Since plaintiff has not submitted to an evaluation by defendants' doctor, plaintiff's request that this court appoint a guardian ad litem until an adequate representative can be found also is denied. Although Judge Pollak provided plaintiff with the opportunity for a competency hearing, one could not be held because plaintiff did not submit to an evaluation by defendants' doctors. Plaintiff's request for additional time to find an adequate representative is likewise rejected. Plaintiff's counsel has had three years to find and add another adequate named plaintiff; none has been named.
In sum, because of plaintiff's own conduct the court cannot determine whether she has sufficient knowledge to proceed or whether she needs a guardian. Under these circumstances, she cannot proceed as a class representative.
For the foregoing reasons, plaintiff's motion for class certification is denied.

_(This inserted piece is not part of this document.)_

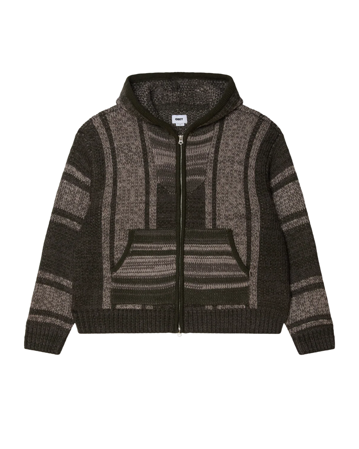 Layer up with the Obey Zip Up Baja Sweater, a cozy essential that brings effortless style to your everyday rotation. Crafted from a warm acrylic and wool blend, this hoodie features a sleek metal zip front for easy on-and-off versatility. Two spacious patch pockets keep your hands warm or your essentials close, while ribbed cuffs and hem lock in the fit. The iconic logo embroidery adds that signature Obey touch. Regular fit makes it perfect for pairing with your favorite tees or layering under jackets when the temperature drops.

Because plaintiff's motion for class certification is denied and plaintiff's individual claim is indisputably moot, defendants' motions to dismiss the case for mootness are granted. The Clerk of Court is directed to enter judgment accordingly.
If the parties cannot agree, plaintiff shall make any application for reasonable attorney's fees no later than April 28, 2006. Opposition papers should be filed no later than May 26, 2006.